- Transliteration: u, wu
- Hiragana origin: 汙,于
- Katakana origin: 汙
- Man'yōgana: 傴 汙 紆 迂 于 宇 卯
- Unicode: U+1B11F, U+1B122

= Wu (kana) =

Wu (hiragana: 𛄟, katakana: 𛄢) is a Japanese mora or a kana used to write it, though it has never been in standard use.

== History ==
It is presumed that 𛄟 would have represented //β̞u//. (Note: //β̞// corresponds to what is typically represented as //w// in modern Japanese, which is still phonetically a bilabial approximant.) Along with 𛀆 and 𛀁 (yi and ye respectively), the mora wu has no officially recognized kana, as these morae do not occur in native Japanese words; however, during the Meiji period, linguists almost unanimously agreed on the kana for yi, ye, and wu. 𛀆 and wu are thought to have never occurred as morae in Japanese, and 𛀁 was merged with え and エ.

== Characters ==
In the Edo period and the Meiji period, some Japanese linguists tried to separate kana u and kana wu. The shapes of characters differed with each linguist. 𛄟 and 𛄢 were just two of many shapes.

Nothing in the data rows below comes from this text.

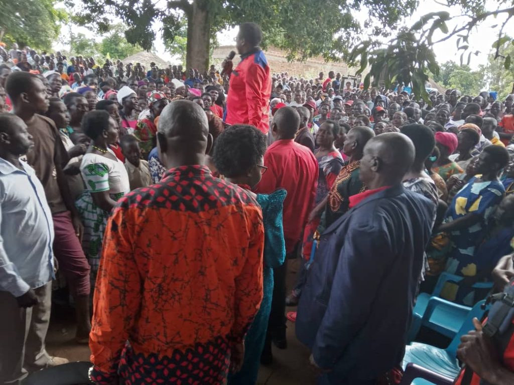 On Day 2 of the Oyam North by-election campaigns, Dr. Eunice Otuko Apio the UPC Candidate received a very warm reception from the people of Acaba Sub-county as she was conversing for votes. She was flanked by the Party Secretary General Hon. Ebil Fred, Regional Vice Chairperson of Lango Mr. Chris Ongom, and former LC V Chairperson of Oyam Hon. Adea Nelson among other leaders.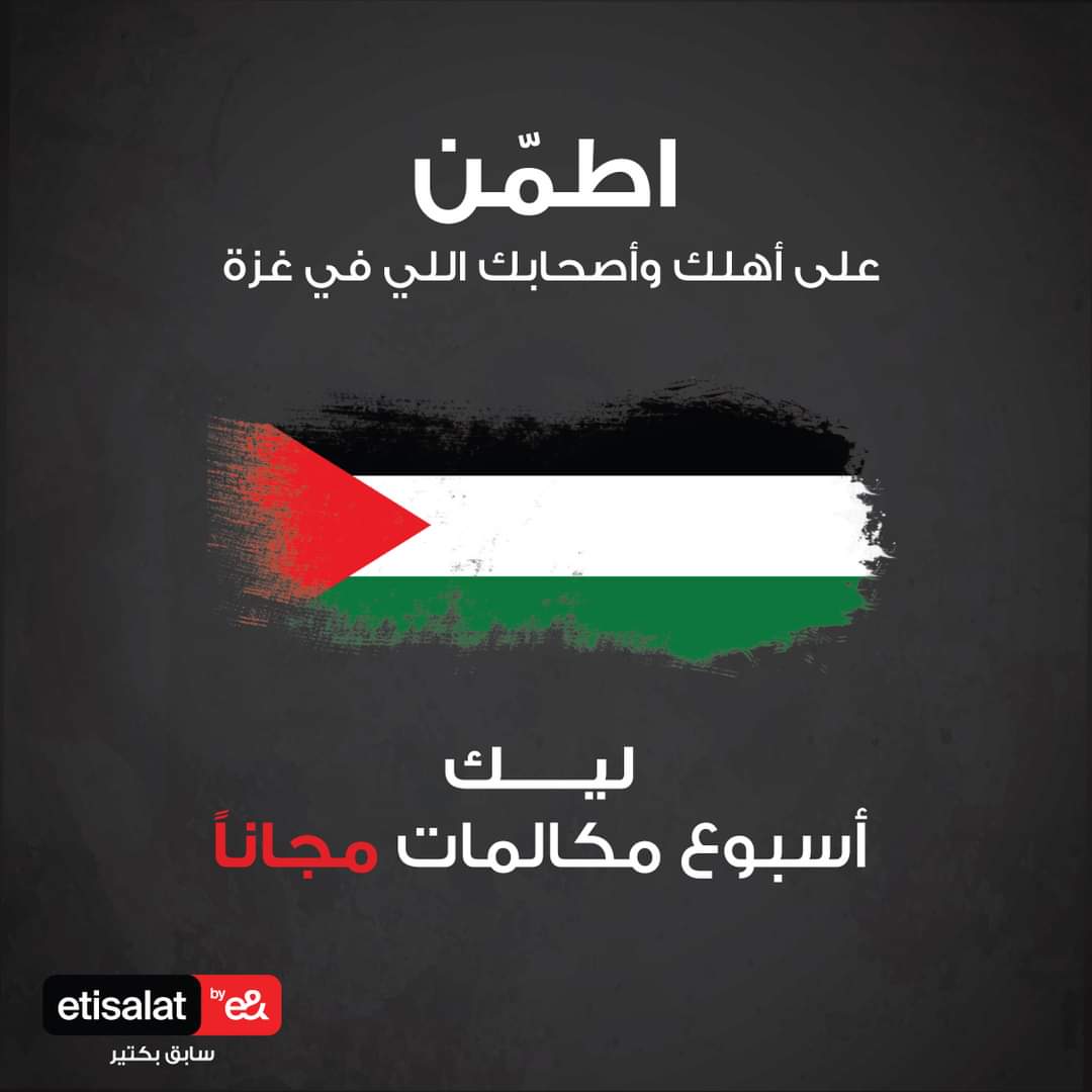 قالت الشركة عبر صفحتها الرسمية على موقع التواصل الاجتماعي فيسبوك: “اتصالات دايماً معاك وعشان تطمئن على أهلك وأصحابك في غزة عملنا لك أسبوع مكالمات مجانية ابتداءً من 19 اكتوبر تكلم بيهم غزة مجانا”.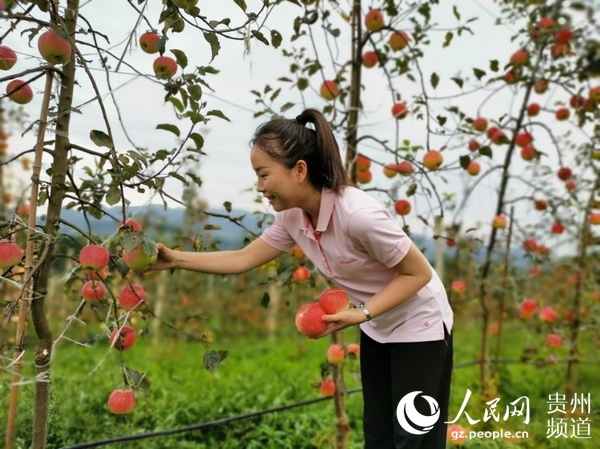 游客在桐梓縣官倉(cāng)鎮(zhèn)蘋果種植基地體驗(yàn)采摘樂(lè)趣。王欽 攝
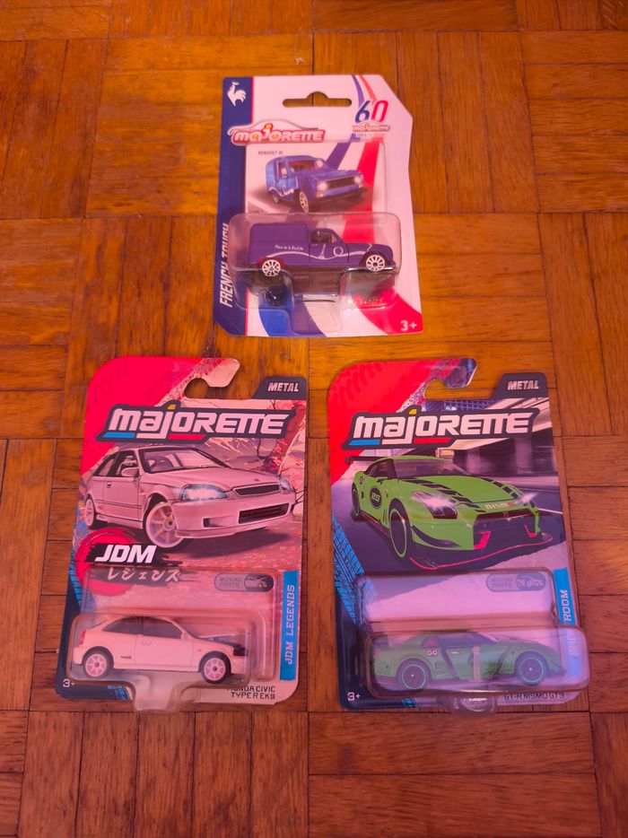 Bonjour, Je met en vente ce lot de voitures Majorette avec : - GT-R Nismo GT3 Chase - Honda Civic Type R EK9 Chase - Renault 4L French Touch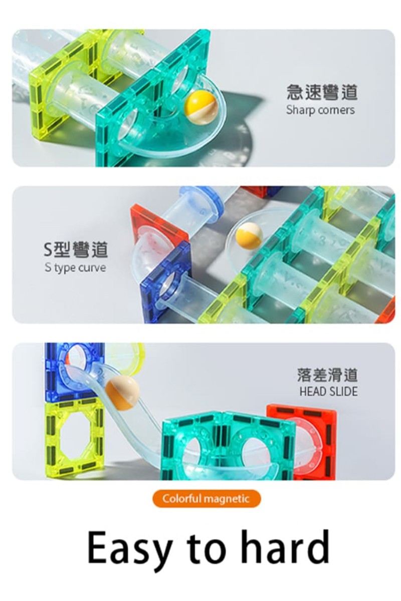• New upgraded design, tiles + marble pipes + colourful balls roll up and down quickly on the track, easy to assemble and disassemble.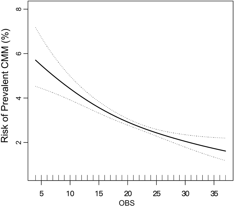 Smooth curve fitting illustrating the linear relationship between OBS and prevalent CMM. The model was adjusted for age, sex, race, PIR, BMI, WC, SBP, FPG, TC, HDL-C, eGFR, anti-hypertensive therapy, and anti-diabetic therapy, consistent with Model 2 in Table 2. The solid line represents the estimated risk of prevalent CMM, while the dotted lines indicate the pointwise 95% confidence intervals. The association remained linear across the entire range of OBS.

They were phonetic symbols to fill in the blanks of the gojūon table, but Japanese people did not separate them in normal writing.

- u
  - Traditional kana
    - う (Hiragana)
    - 𛀋 (A variant form of う. Hiragana.)
    - 𛀍 (A variant form of う. Hiragana.)
    - ウ (Katakana)
  - Constructed kana
    - (A part of 傴. Katakana.)

- wu
  - Traditional kana
    - う (Hiragana)
    - 𛀋 (A variant form of う. Hiragana.)
    - ウ (Katakana)
    - 𛄢 (An old variant form of ウ. Katakana.)
  - Constructed kana
    - ゔ(う with dots. Hiragana.)
    - 𛄟 (A cursive script style of 汙. Hiragana.)
    - (A cursive script style of 紆. Hiragana.)
    - (A cursive script style of 迂. Hiragana,)
    - (A cursive script style of 卯. Hiragana.)
    - ヴ(ウ with dakuten. Katakana.)

These suggestions were not accepted.

== Unicode ==
This kana has been encoded into Unicode 14.0 since September 14, 2021 as HIRAGANA LETTER ARCHAIC WU (U+1B11F), and KATAKANA LETTER ARCHAIC WU (U+1B122).